Reconsidering the awakening: The literary sisterhood of Kate Chopin and George Egerton

Southern Quarterly, Spring 2003 by Rich, Charlotte

Beyond the biographical congruities between the two authors, shared aesthetic influences on Chopin and Egerton are another likely source for the radically similar themes and style of their most noted works, The Awakening and Keynotes. Chopin was inspired by the realism and frankness of French writers at the end of the nineteenth century such as Gustave Flaubert and, in particular, his protege Guy de Maupassant, as well as the feminism of female authors George Sand and Madame de Stael. Many of the short stories by de Maupassant that she translated into English contain topics or themes she was to return to with great effect in The Awakening: marital unhappiness, adultery, isolation, suicide, and sexuality.12 Chopin was also influenced by the subjects and themes of Scandinavian realist playwright Henrik Ibsen. Despite the fact that, according to an article by her friend William Schuyler, she thought Ibsen took life "too clumsily and seriously" (qtd. in Toth 244), Chopin conceded how "forcible and representative" of their era Ibsen was, in a review of Hamlin Garland's Crumbling Idols she wrote in 1894 (693). Moreover, she admired the short stories of one of his peers and countrymen, Norwegian realist writer Alexander Kielland.
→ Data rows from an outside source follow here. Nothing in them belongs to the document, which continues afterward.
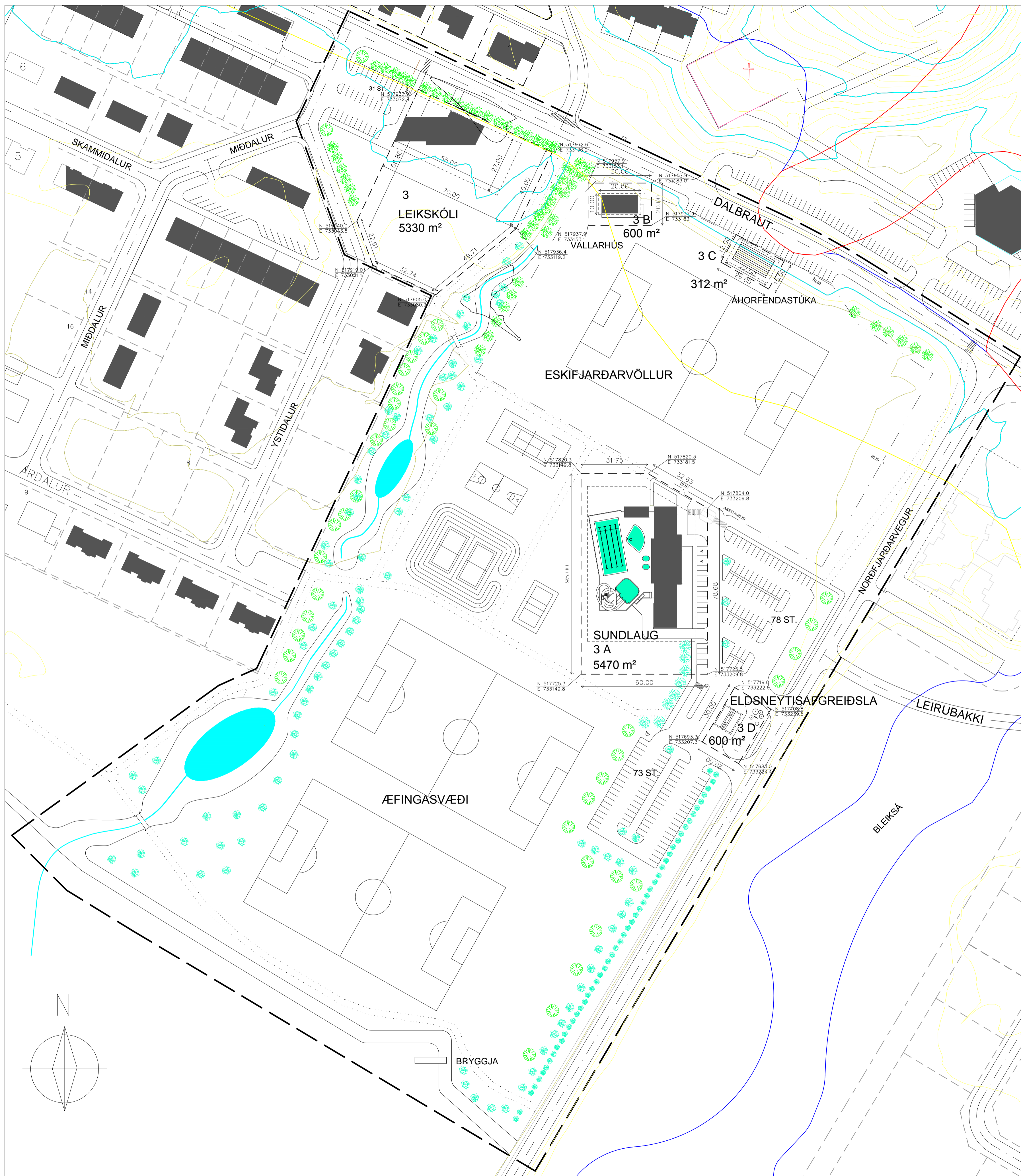
Breytt deiliskipulag, Dalur 1 Kvarði 1:1000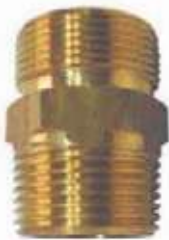
UNION TRANSICION BR PEX AL PEX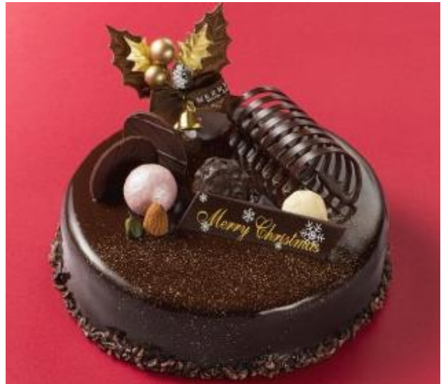
『スイートチョコレートケーキ』

コクのある生クリームと程よい甘さのいちごが織りなすハーモニーをお楽しみください。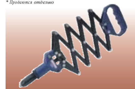
ЗАКЛЁПОЧНИК МНОГОРЫЧАЖНЫЙ Профессиональное качество. Специально разработан для часто повторяющихся операций при интенсивном использовании. Имеет сверхпрочный рычажный механизм ножничного типа и патрон, изготовленные из углеродистой стали, литую алюминиевую ручку, покрытую лаком, и рабочие губки, изготовленные из закалённой хромомолибденовой стали. В комплект входят 4 головки, предназначенные для односторонних заклёпок, изготовленных из алюминиевого сплава, нержавеющей и обычной стали, размерами 2,4, 3,2, 4,0 и 4,8 мм. Упаковка – прозрачная.

Артикул описание D19782 Заклёпочник с набором заклёпок D68942 Запасные рабочие губки* * Продаются отдельно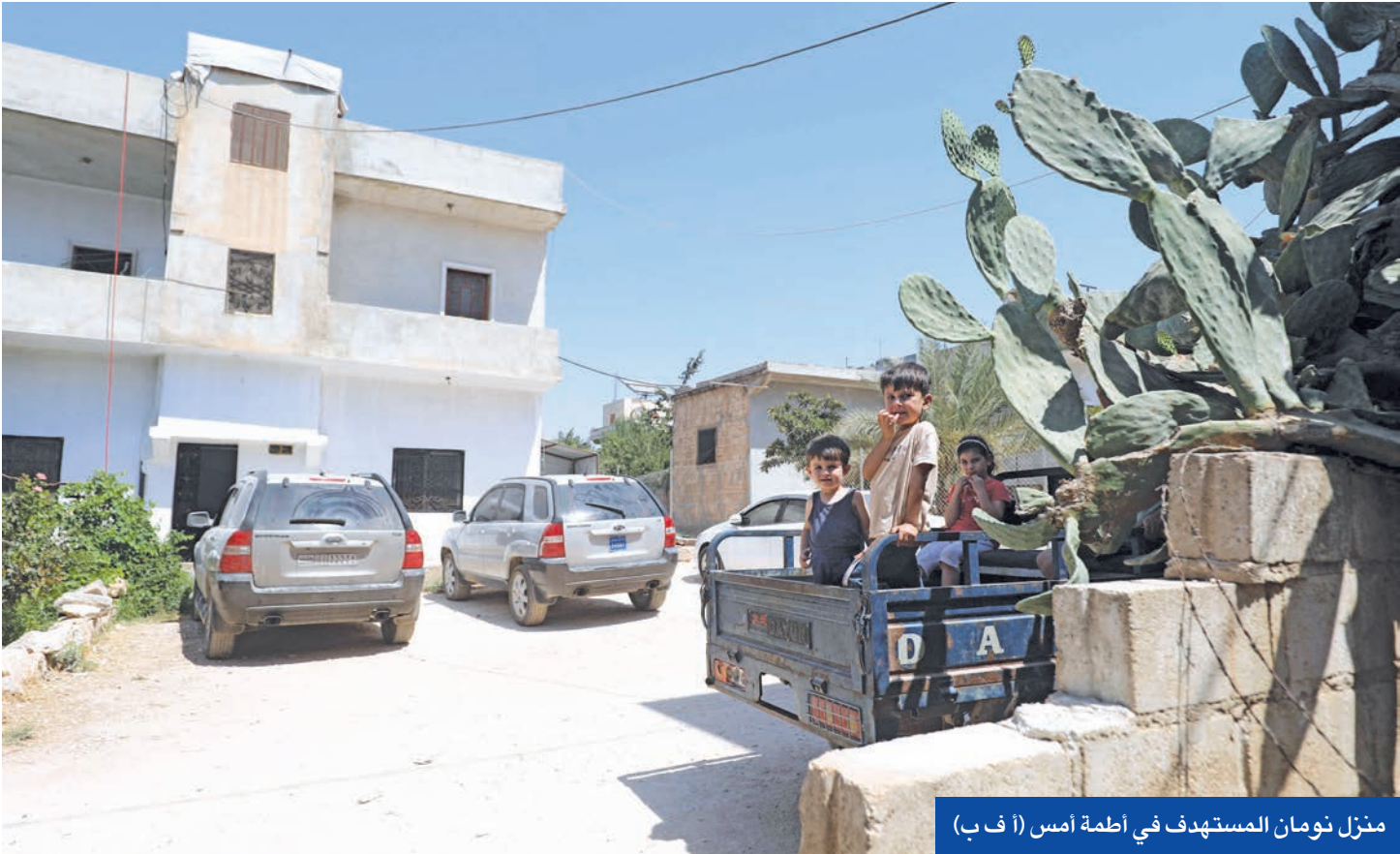
منزل نومان المستهدف في أطمة أمس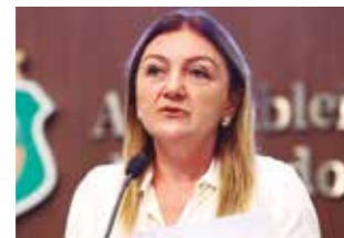
>> Inês Arruda (PMDB)

A criação no Estado do programa Estadual de Conscientização sobre a Hipertensão Arterial Precoce foi proposto por meio de projeto de lei 88/12 aprovado na Assembleia Legislativa, apresentado pela deputada Inês Arruda (PMDB). De acordo com pesquisa divulgada pelo Ministério da Saúde (MS), Fortaleza é a segunda capital brasileira com maior percentual de adultos com excesso de peso, que é fator de risco para as Doenças Crônicas Não Transmissíveis (DCNT), entre elas a hipertensão, responsáveis por 59% dos óbitos no mundo.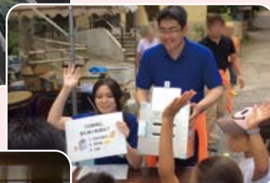
選挙権の啓発活動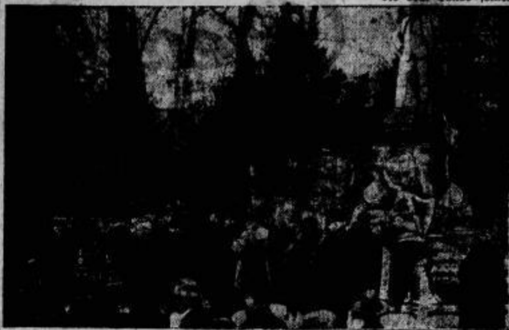
Beisetzfeier in Berlin. Am Lessing-Denkmal im Berliner Tiergarten fand am 22. Januar, dem 100. Todestage des Dichters, eine Beisetzfeier statt, bei der Oberbürgermeister Böhm im Namen der Stadt Berlin und Ludwig Fulda für die Dichterkademie Kränze niederlegten.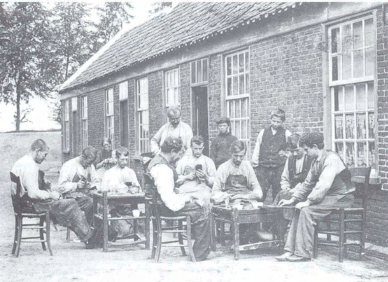
Thuiswerkers buitenshuis: schoenmakers in Waalwijk, ca. 1910 (Collectie Gemeentearchief Waalwijk)

5 cent per week en de uitkering bij overlijden was gelijk aan die van Tot Algemeen Welzijn namelijk f 30 voor een overleden man en f 20 voor een overleden vrouw. 12

During Egerton's years in Norway, in addition to her exposure to the works of Ibsen, she was introduced to other Scandinavian writers including Bjornstjerne Bjornson, Knut Hamsun, and August Strindberg. She was drawn to the social realism of Ibsen, Bjornson, and Strindberg, who were willing to treat previously untouchable topics such as adultery or venereal disease in their works. She was particularly impacted by the impressionism and psychological verity of the writer Hamsun, whose novel Hunger she began to translate into English in 1890. Egerton even met and formed an acquaintance with Hamsun, which inspired her story "Now Spring Has Come" in Keynotes. Hamsun's work is noted particularly for its emphasis upon representing the fragmentary nature of consciousness, or "the indirect, at times wayward progress by which the mind assimilates thoughts and impressions" (Harris 32), and Egerton's stories reveal a similar emphasis.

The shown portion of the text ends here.